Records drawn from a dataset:
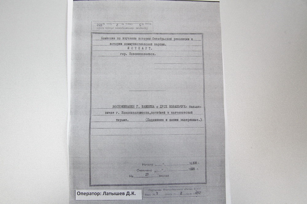 Александр Мироненко: По поводу могилы пока новостей нет. Могилу на протяжении нескольких лет искала вся семья Дуси. Её сестра и дочь даже ездили в Омск в попытках отыскать следы матери. Когда выяснилась вся эта история с поляком — что большевиков погубили где-то в районе мясокомбината, в стороне Заельцовского бора, Шамшин и Ковальчук искали могилы своих родственников, но таковых так и не нашли. Хотя были известны места некоторых захоронений погибших в контрразведках и в тюрьмах. Но точное место их захоронения так и не было установлено.
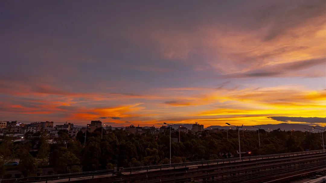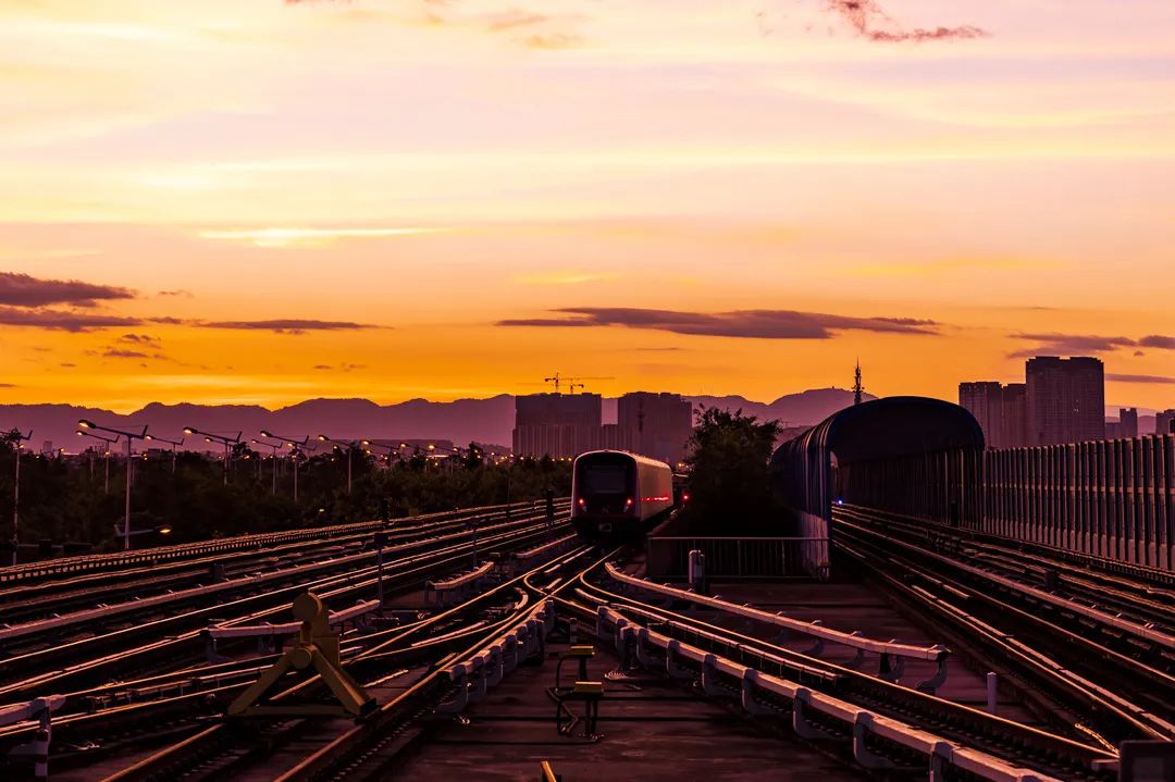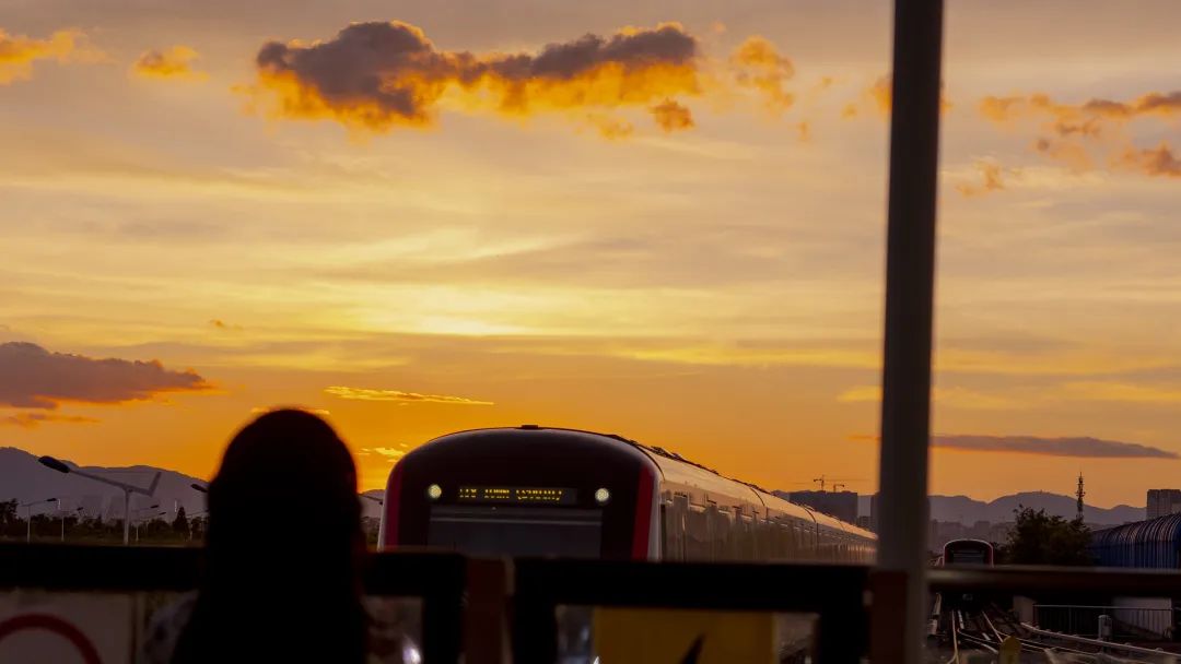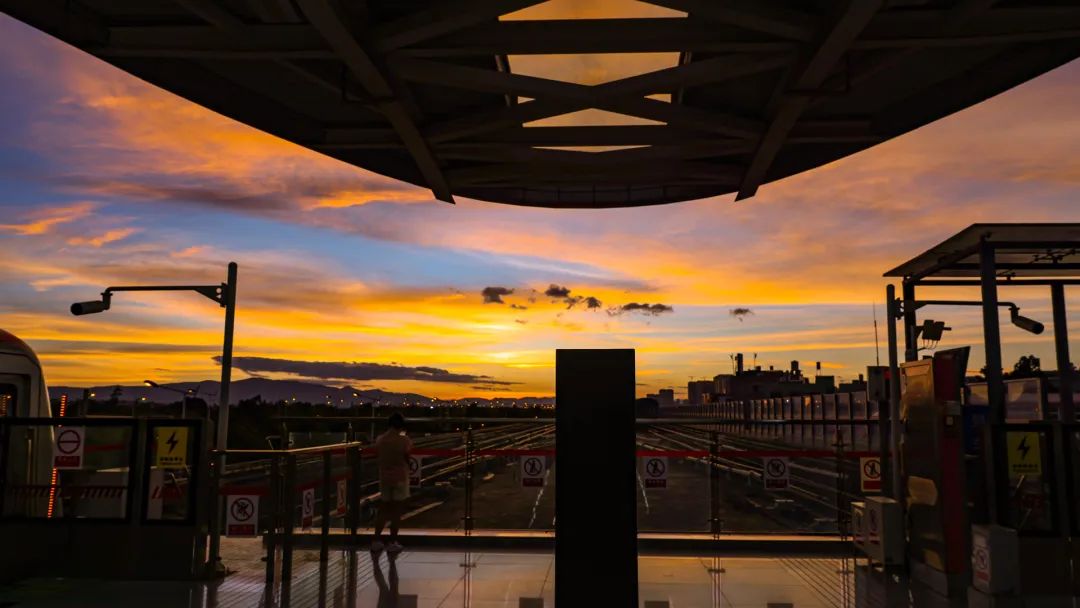 得益于这优越的位置,在站台上便可看到完整的日落。
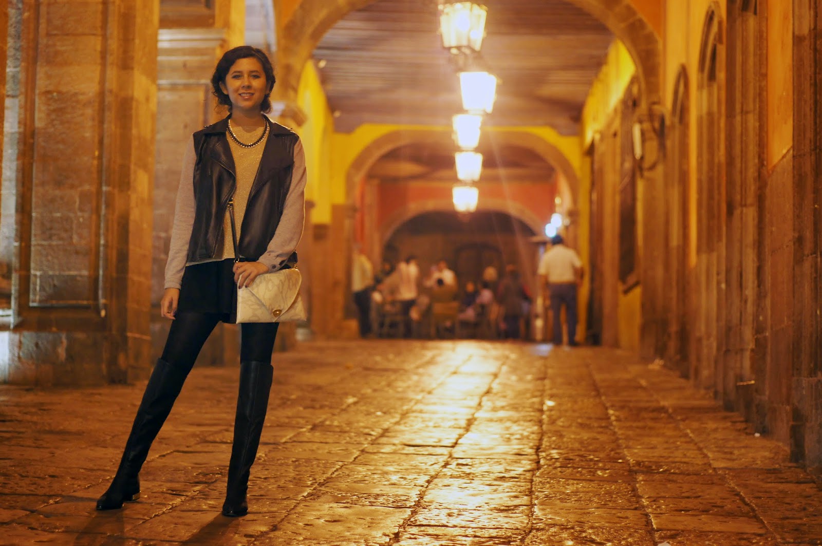 Durante la noche, San Miguel de Allende se transforma en un pueblo totalmente diferente. Las luces que iluminan la iglesia y muchos de los edificios principales, hacen que los turistas podamos apreciar la arquitectura del lugar, desde otra perspectiva. Otro de los factores que hace que cualquier noche en la plaza se vuelva mágica, es la presencia de varios grupos de mariachis que durante unas horas cantan canciones dedicadas al amor o al desamor. Despúes del abrazador sol del día, la ciudad se torna fresca y la temperatura llega a bajar mucho, lo cual me sirvió de pretexto para sacar a pasear por un rato mis botas a la rodilla. Tratamos de tomar muchas fotos ese día aunque al final preferimos sentarnos en el kiosco mientras observabamos la luna gigante y luminosa para tomar muchas fotos mentales sobre ese lindo momento.
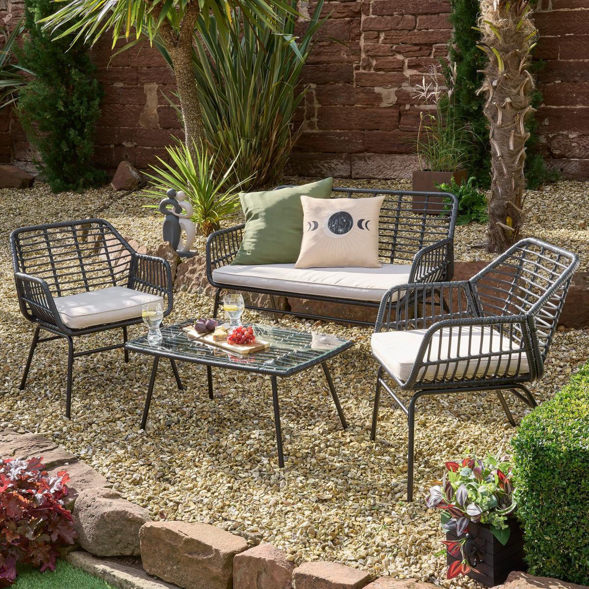I love this Toko 4 Seater conversation set for its sleek black finish, which lends a modern, versatile look that works well in both contemporary and coastal garden spaces. It’s practical too, with lightweight yet sturdy frames, making it both functional and stylish. In terms of styling tips, it pairs beautifully with natural textures like rattan or wicker accessories, or pops of colour through cushions and outdoor rugs to add personality. It's perfect for creating an inviting outdoor lounge, whether for relaxed drinks or family gatherings, and its neutral palette ensures it can complement a range of garden designs.
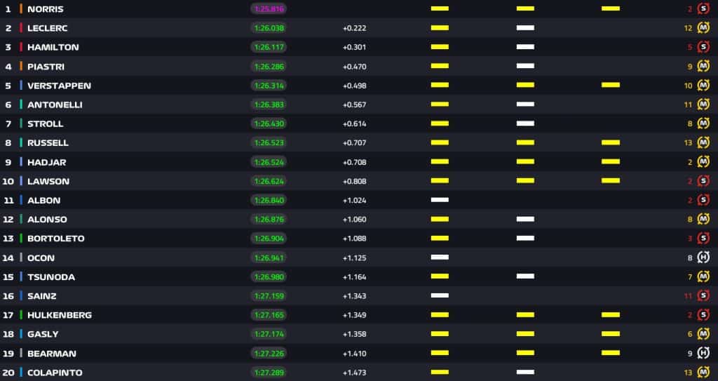 17:35 – La classifica dopo i primi tentativi di simulazione qualifica con mescola morbida:
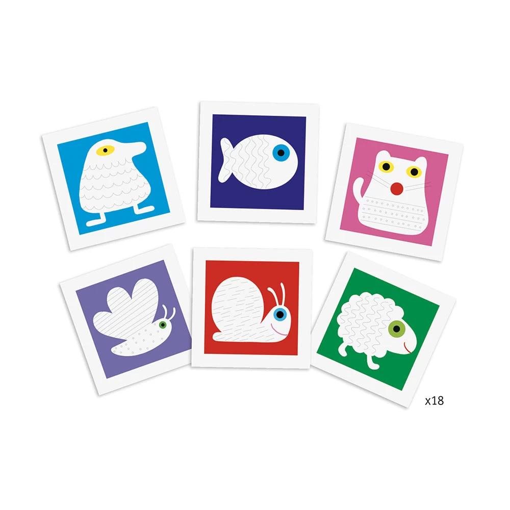 This funky Graphic Animals drawing set contains 18 cards of funny animals for children to draw and colour in any way they choose! Designed by Annette Tamarkin Skill Development: dexterity, hand-eye coordination, shape recognition, patience and concentration, creativity and imagination
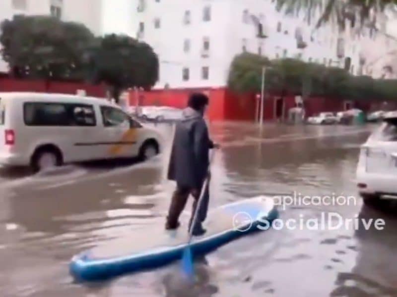 Aprovecha la arriada para hacer paddle surf en las carreteras de Triana
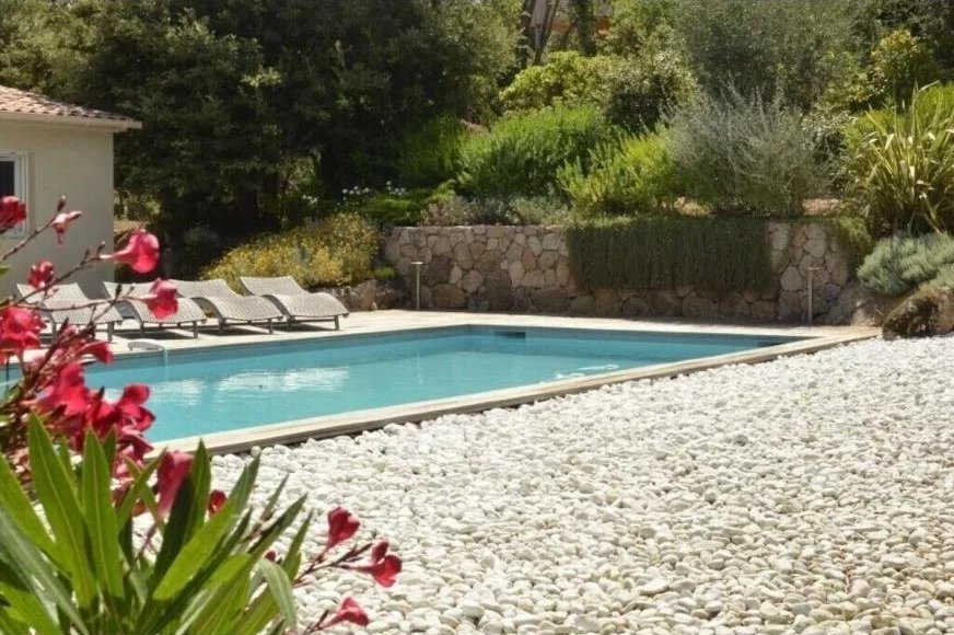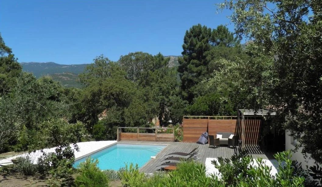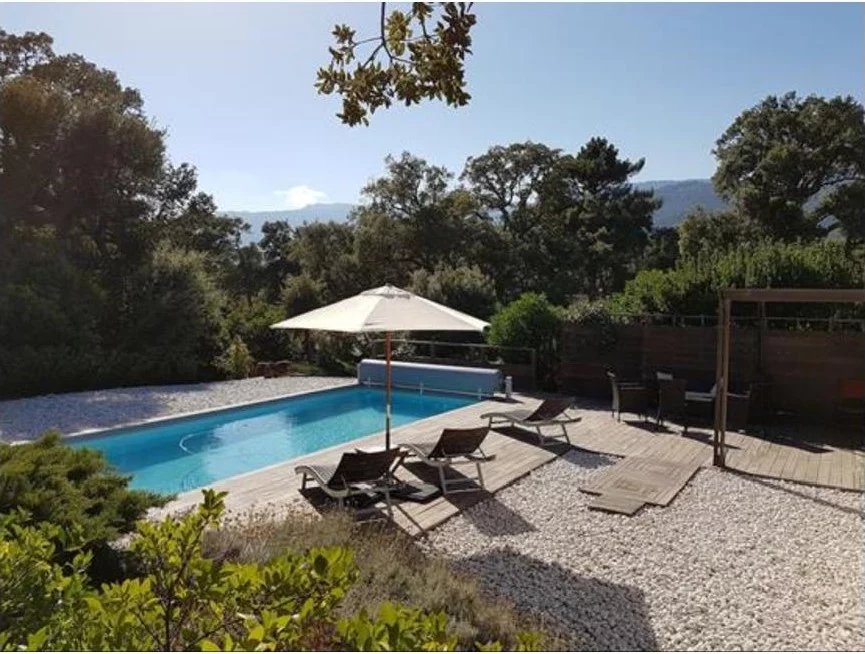 Le jardin soigneusement aménagé accueille une piscine béton au sel (9×4 m), sécurisée par un volet roulant, entourée d’une terrasse en bois exotique (IPE) — un véritable havre de paix pour profiter du soleil corse.
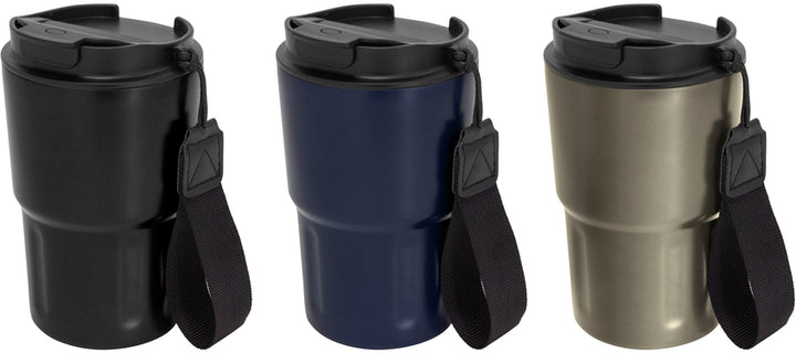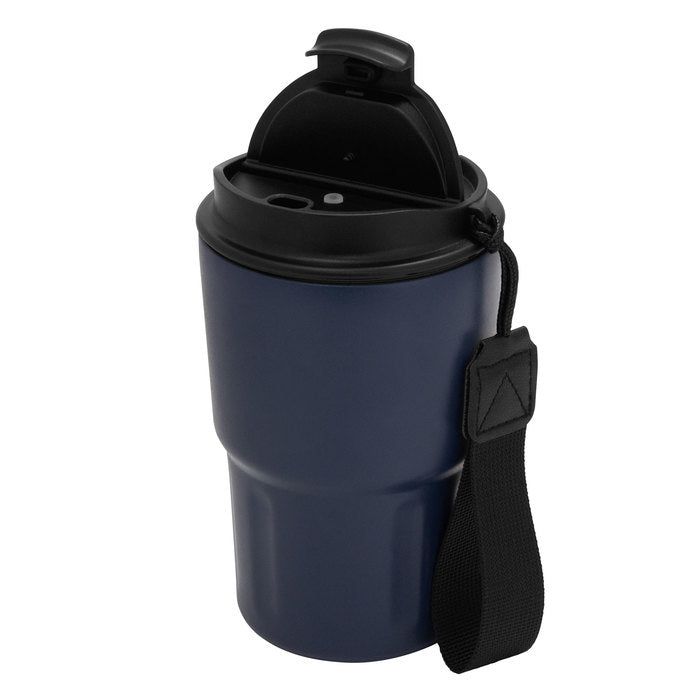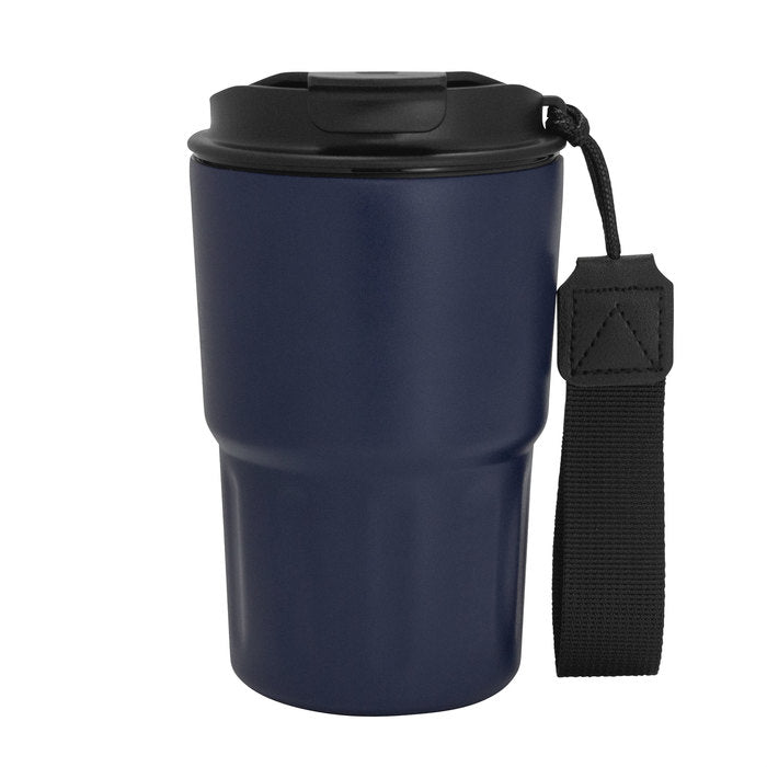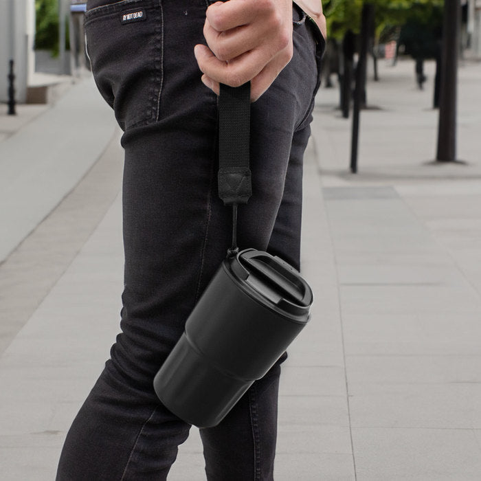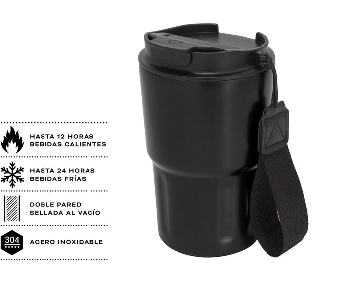 El ThermoGrip 400 está pensado para días intensos: su cuerpo de acero con doble pared sellada al vacío conserva la temperatura —hasta 12 h caliente / 24 h fría— mientras el acabado mate ofrece estética ejecutiva. La tapa de PP con sello de silicona minimiza derrames y la correa de poliéster permite llevarlo seguro en mano o mochila. Ideal para oficina, trayectos y kits de bienvenida.

The problem - Your output should be the lines above from the one that contains "Durante la noche, San" through the one that contains "This funky Graphic", word for word, with pictures left out.

Answer to this problem -
 Durante la noche, San Miguel de Allende se transforma en un pueblo totalmente diferente. Las luces que iluminan la iglesia y muchos de los edificios principales, hacen que los turistas podamos apreciar la arquitectura del lugar, desde otra perspectiva. Otro de los factores que hace que cualquier noche en la plaza se vuelva mágica, es la presencia de varios grupos de mariachis que durante unas horas cantan canciones dedicadas al amor o al desamor. Despúes del abrazador sol del día, la ciudad se torna fresca y la temperatura llega a bajar mucho, lo cual me sirvió de pretexto para sacar a pasear por un rato mis botas a la rodilla. Tratamos de tomar muchas fotos ese día aunque al final preferimos sentarnos en el kiosco mientras observabamos la luna gigante y luminosa para tomar muchas fotos mentales sobre ese lindo momento.
I love this Toko 4 Seater conversation set for its sleek black finish, which lends a modern, versatile look that works well in both contemporary and coastal garden spaces. It’s practical too, with lightweight yet sturdy frames, making it both functional and stylish. In terms of styling tips, it pairs beautifully with natural textures like rattan or wicker accessories, or pops of colour through cushions and outdoor rugs to add personality. It's perfect for creating an inviting outdoor lounge, whether for relaxed drinks or family gatherings, and its neutral palette ensures it can complement a range of garden designs.
 17:35 – La classifica dopo i primi tentativi di simulazione qualifica con mescola morbida:
 This funky Graphic Animals drawing set contains 18 cards of funny animals for children to draw and colour in any way they choose! Designed by Annette Tamarkin Skill Development: dexterity, hand-eye coordination, shape recognition, patience and concentration, creativity and imagination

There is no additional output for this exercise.